You just need to replace this:
float *d_B = d_M + size;
for
float *d_B = d_M + numElements;
This is pointer arithmetic, if you have an array of floats R = [1.0,1.2,3.3,3.4] , you can print the fist position by doing printf("%f",*R); , and if you want to print a second?
you just need to do printf("%f\n",*(++R)); thus r [0] + 1. You are not doing r[0] + sizeof(float) as you did.
When you execute r[0] + sizeof(float) , you will get access to the element at position r [4], since size (float) = 4.
When you do this float *d_B = d_M + numElements; , the compiler assumes that d_b will allocate continuums in memory, and each element will have the size of a float. Therefore, you do not need to say the distance in bytes, you just need to specify the distance in terms of elements, the compiler will do the math for you. This approach makes it easier for the person, because he more intuitively expresses the arithmetic of the pointer in terms of the element, and not in bytes.

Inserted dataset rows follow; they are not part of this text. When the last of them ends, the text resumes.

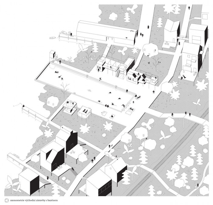 Voda v rybníce je voda podzemní. Žádný stálý přítok nemá a tak začátkem srpna začíná zelenat a sinice koupání znemožňují. Koukat na tu krásu a nemoct si zaplavat je utrpení. Na východní břeh umisťujeme filtrační bazén – sezónní těžiště na dlouhé letní večery. Bazén bere vodu z rybníka ale skrz jeho stěnu jí čistí na bází trojí fíltrace. Jeho zázemí má kiosek, plavčíka, šatny a velkou kovovou kouli jako nádrž na vodu pro sprchy. V zimě je zde půjčovna bruslí.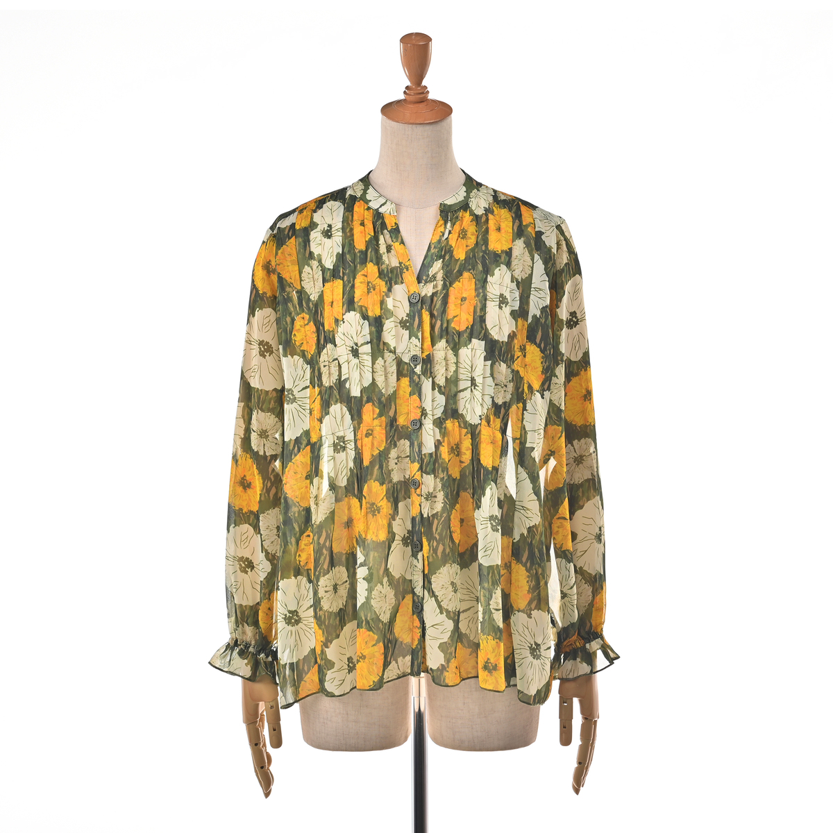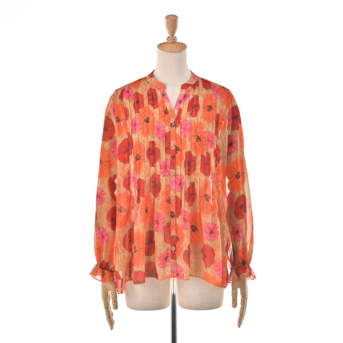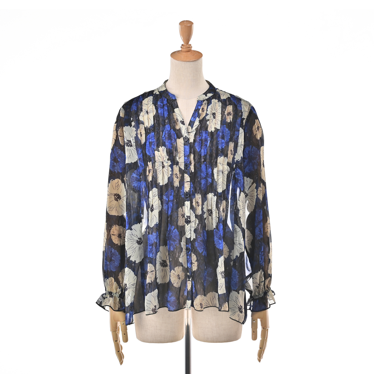 No. 754440 MORNMAGIE フラワープリント プリーツシアーブラウス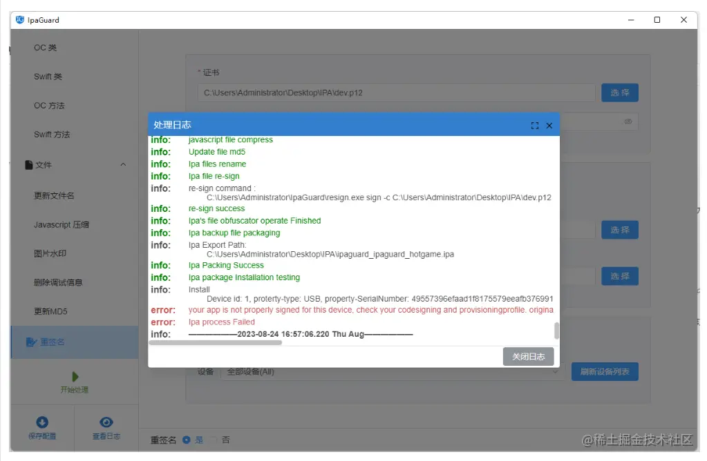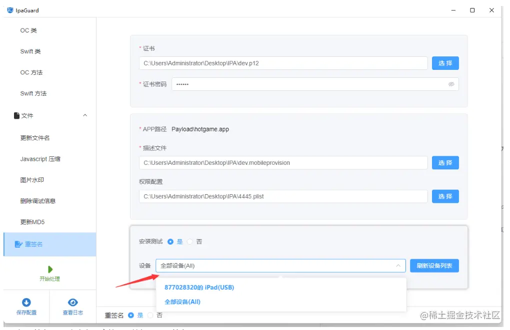 重签名部分:使用Ipa Guard对代码进行混淆和保护,无需app项目源码,直接对编译后的app进行操作。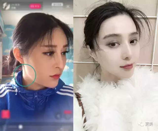 看这妹纸的侧脸下颌角和赘肉都很明显,跟范爷还是有很大差距的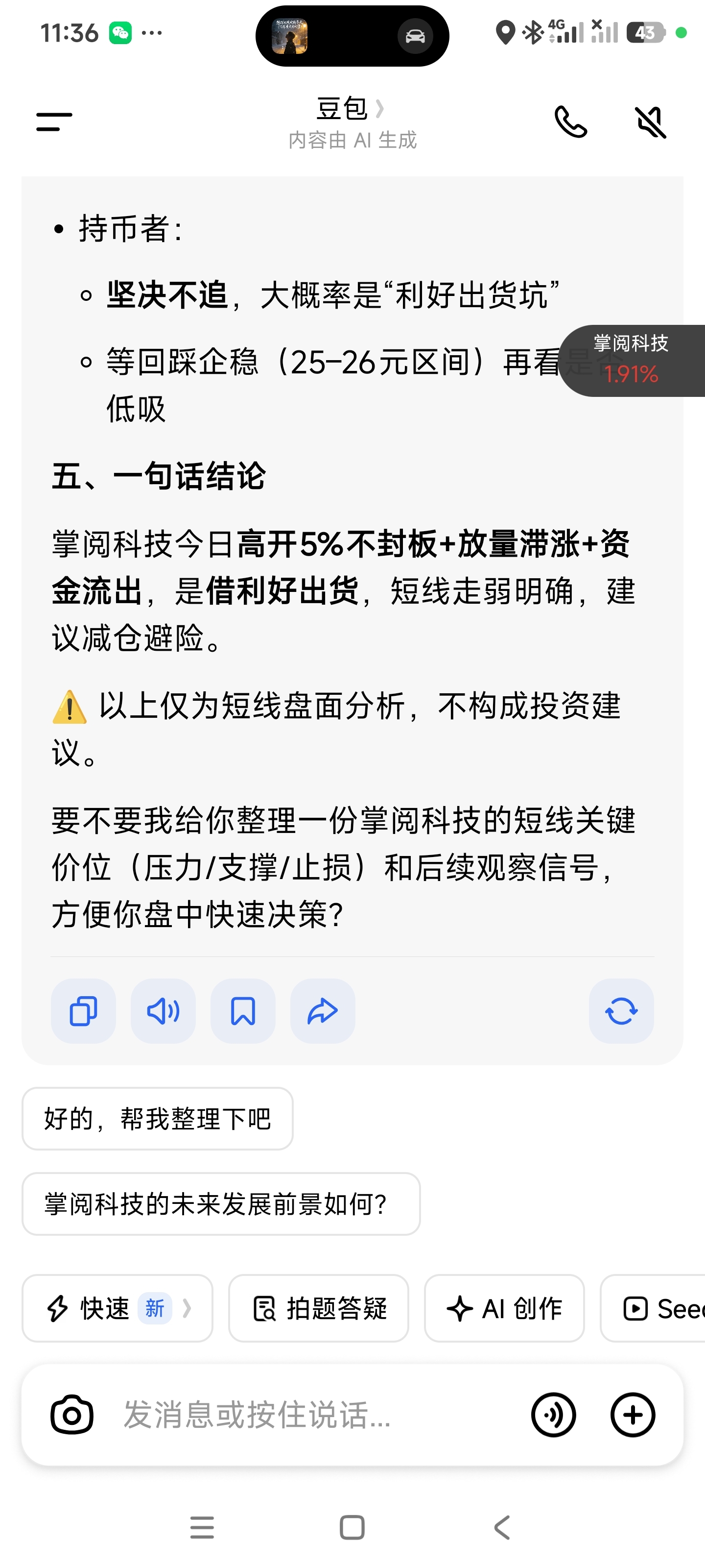 $掌阅科技(SH603533)$ 豆包说了,借利好出货
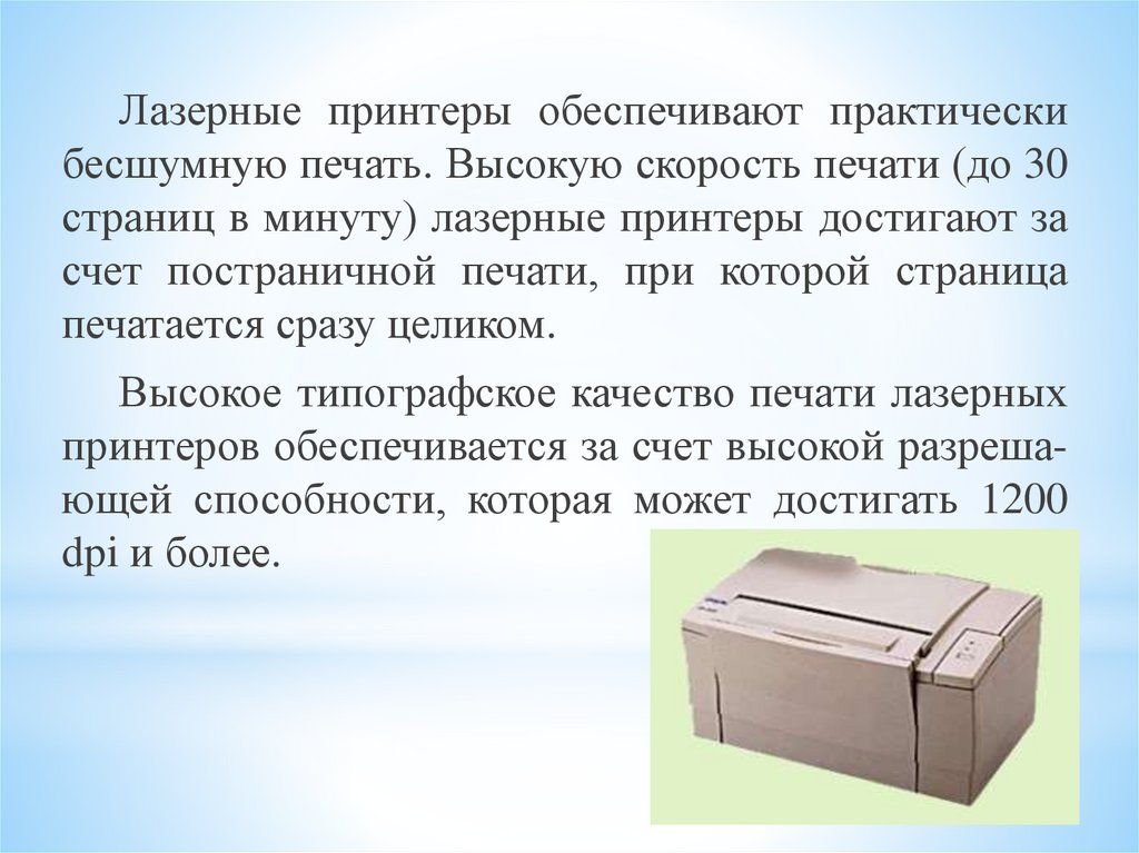 Лазерные принтеры обеспечивают практическибесшумную печать. Высокую скорость печати (до 30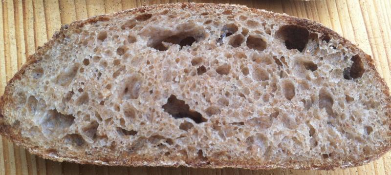 SF. My work does have a mill and I generally mill my own wheat and rye. this flour was local and milled by another bakery. It's milled a bit finer than I grind but beautiful stuff. I forget the variety. I just missed out on the Red Fife. Pretty sure its about 5 or 6 varieties of heirloom wheat (red winter and white what) being grown. Also some barley specifically for beer but I intend to check that out too. Anyway. Yes lately I formulate my hydration by targetting each flour individually and then taking the sum. In this case I believe I set the wheat at 100% and the white at 70 which resulted in 88% hydration plus the soaker (which soaked up all its water and was fairly dry but softened).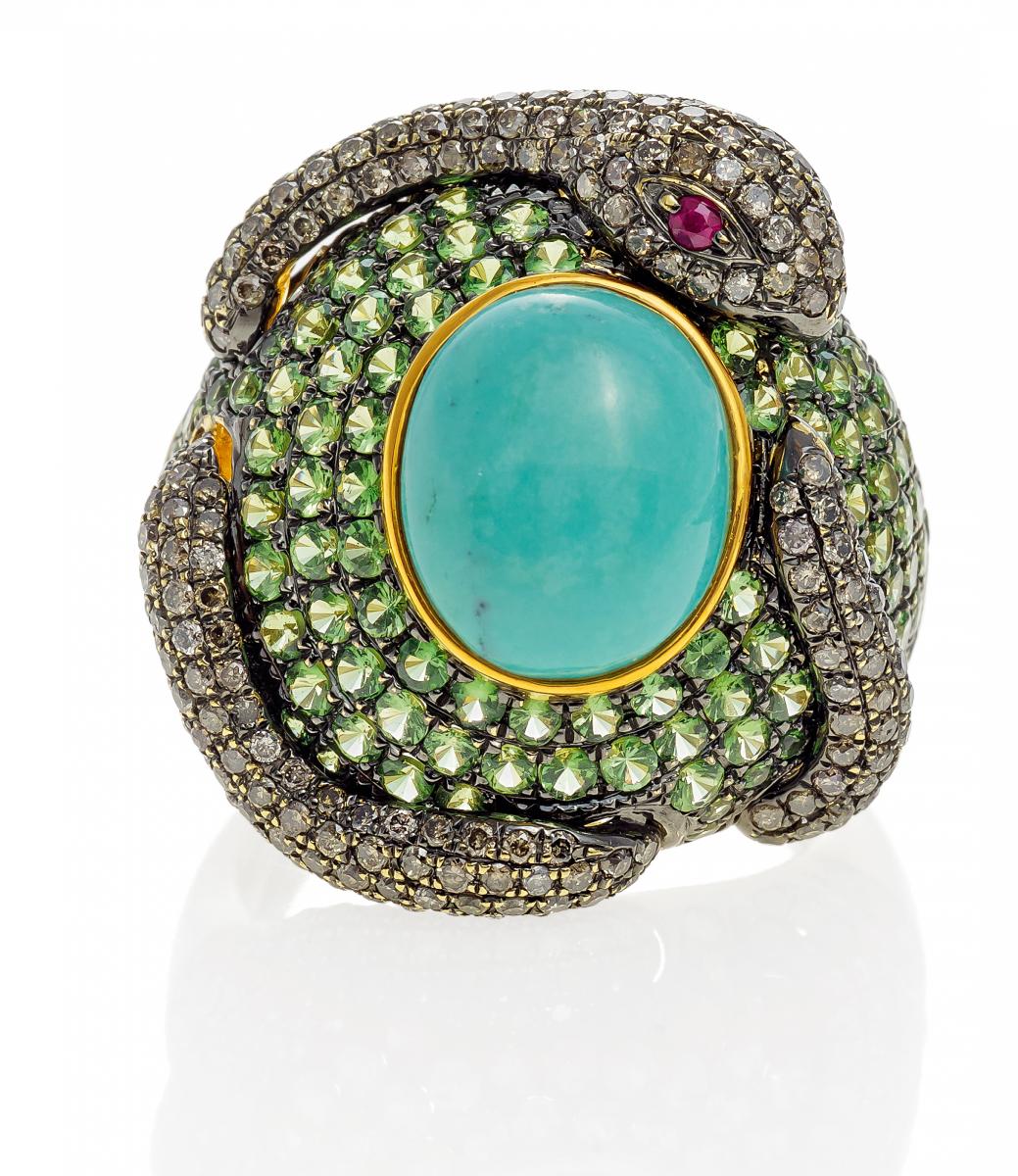 Edelsteine: vielzählige rund facettierte Tsavorite zus.ca. 2,8ct, 2 kleine rund facettierte Rubine, 1 ovaler Türkis-Cabochon D.ca. 11,8 x 9,7 x 4,6mm..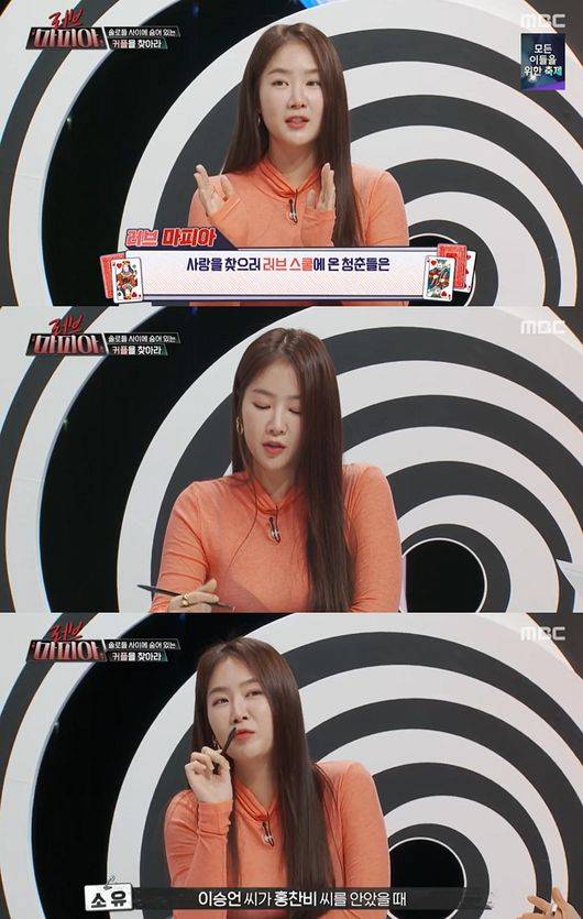 소유는 28일 방송된 MBC·seezn(시즌) 예능프로그램 '러브 마피아'에서 본격적인 추리 실력을 드러내며 방송에 재미를 더했다.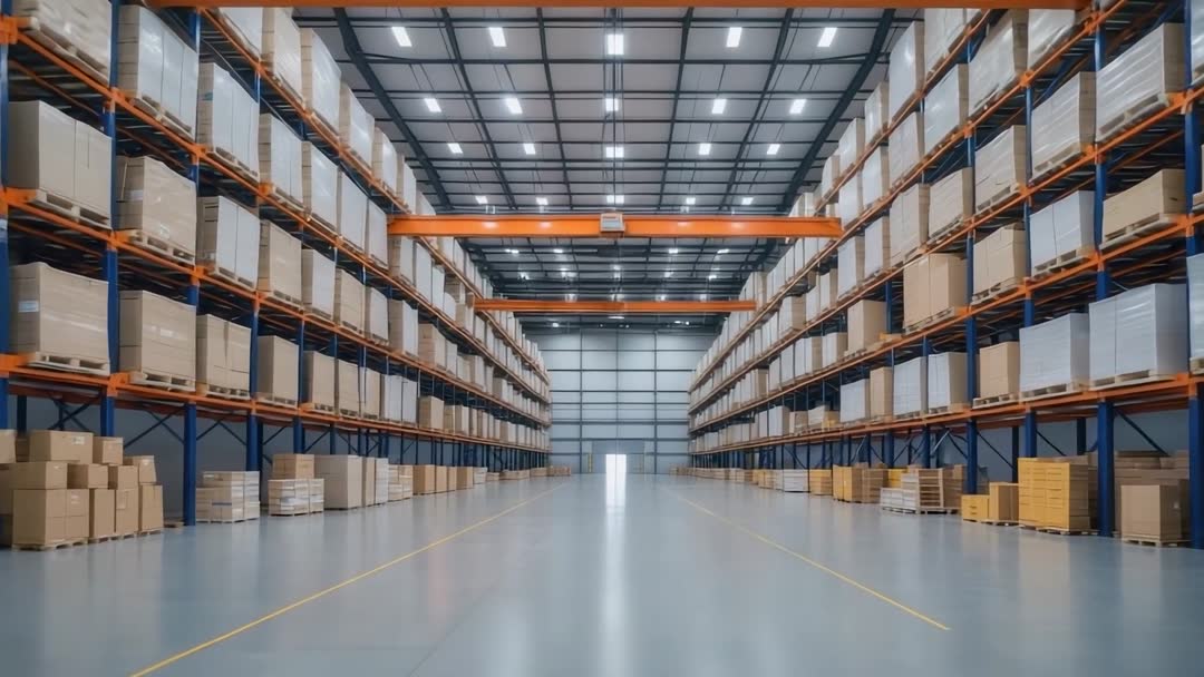 - Vast Modern Warehouse Interior with Storage Racks and Pallets

You said that the result was that the second cudaMemcpy returned an error with an invalid message argument:
If you print the number corresponding to this error, it prints 11, you check the CUDA API , you will see that this error corresponds to:
cudaErrorInvalidValue
This means that one or more parameters passed to the API call is not in a valid range of values.
In your example means float *d_B = d_M + size; out of range.
You have allocated a place for floating 100000 , d_a will start from 0 to 50,000, but according to your code, d_b will start with numElements * sizeof(float); 50000 * 4 = 200000, since 200000> 100000 you will get an invalid argument .